My Instagram account is quite different. I perceive Instagram as a less critical space than X/twitter and I use my account there as a public gratitude journal, sharing things that are worthwhile, in my view, across my personal and professional activities. I would like to keep this account open to all but of course that status is under continuous review.
Although I post about my work on Facebook, too, I regard my account there as primarily personal. I only connect with people I have met, whether in personal or work contexts.

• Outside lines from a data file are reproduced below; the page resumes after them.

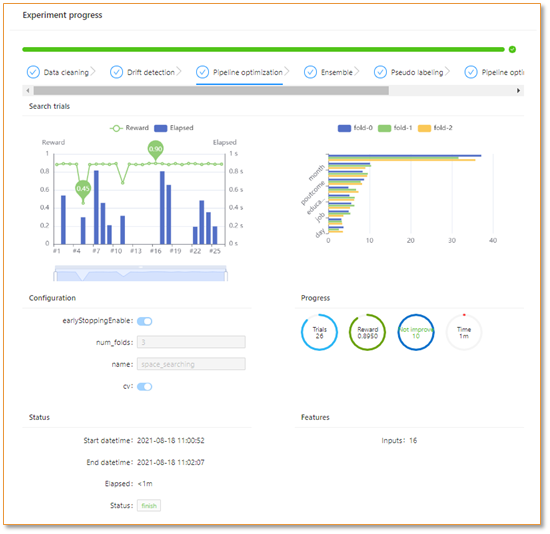 「我们引入了很多方法来降低评估成本,比如低保真预热、同路径数据链路缓存、模型训练的 Pruning 等等。HyperGBM 通常只需要人工单次训练时间的 10 倍左右的时间就可以完成整个 AutoML 的过程,从总成本上看大大优于人工建模。」杨健说道。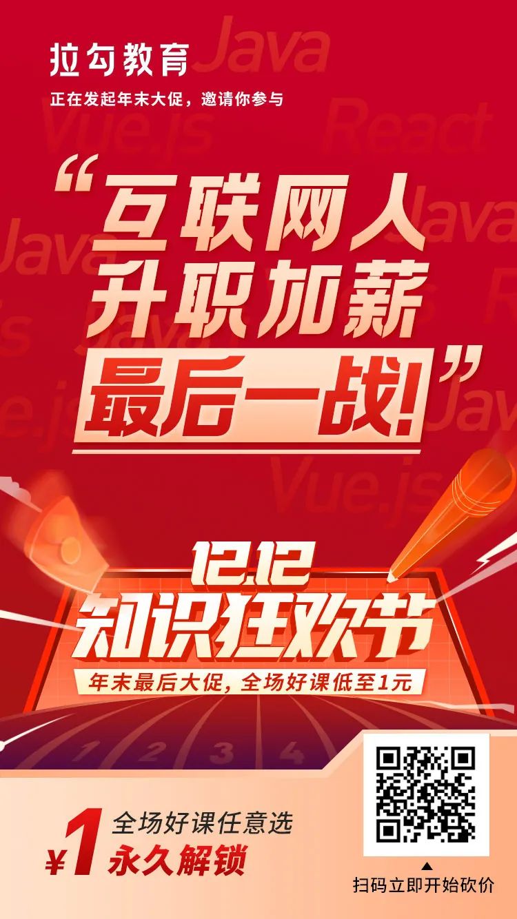 相信关注我公众号的朋友们,都是追求进步的朋友。拉勾教育的 12.12 年末最后知识大促,全场专栏都可以砍价到 1 元。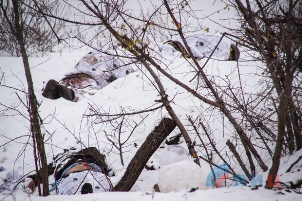 Три украинских диверсанта погибли и два получили ранения 23 ноября при попытке проникнуть для совершения провокаций на позиции Народной милиции в районе поселка городского типа Фрунзе. Сегодня военнослужащие Народной милиции и ветераны Афганистана эвакуировали из района линии соприкосновения тела погибших киевских силовиков.

This blog, and the website encompassing it, take elements from each of my other platform uses. This site is about my work, but I want to share the personal within the professional here, as you can see from my reflective comments about 2023, above. I have used my professorship in a candid way, to puncture the status that too many profs uphold by pulling rank and maintaining a lofty distance. Since my promotion to full professor in 2017, I have continued the work I started as Chair of my university’s Researcher Development Group, by leading on career and wellbeing issues, first by founding the Network of Women+ Professors at Hertfordshire, as one of the founders of the Academic Women’s Advancement Group (AWAG) there, and now as a supportive founding chair to NW+P, and through mentoring across the University. I also see my roles as Chair of the Editorial Board of the Journal of Design History and as Member (Academic and International) of the Peer Review College of the Arts and Humanities Research Council (AHRC) as relevant to my role in developing the work of others. An ex-colleague (not at Hertfordshire) referred to my blog and website as self-promotional; such an unfortunate misconception reminds me to be clear about my actual intentions, which are focused on sharing my work accessibly in ways that my readers will enjoy and/or find useful. Feedback suggests that I am succeeding in that aim.
Thank you to all the readers of my blog, whether regulars or occasional visitors. I am very grateful for your engagement and encouragement. I have a heavy writing schedule for 2024, but I hope I will be able to continue blogging, ideally in shorter more regular posts: let’s see.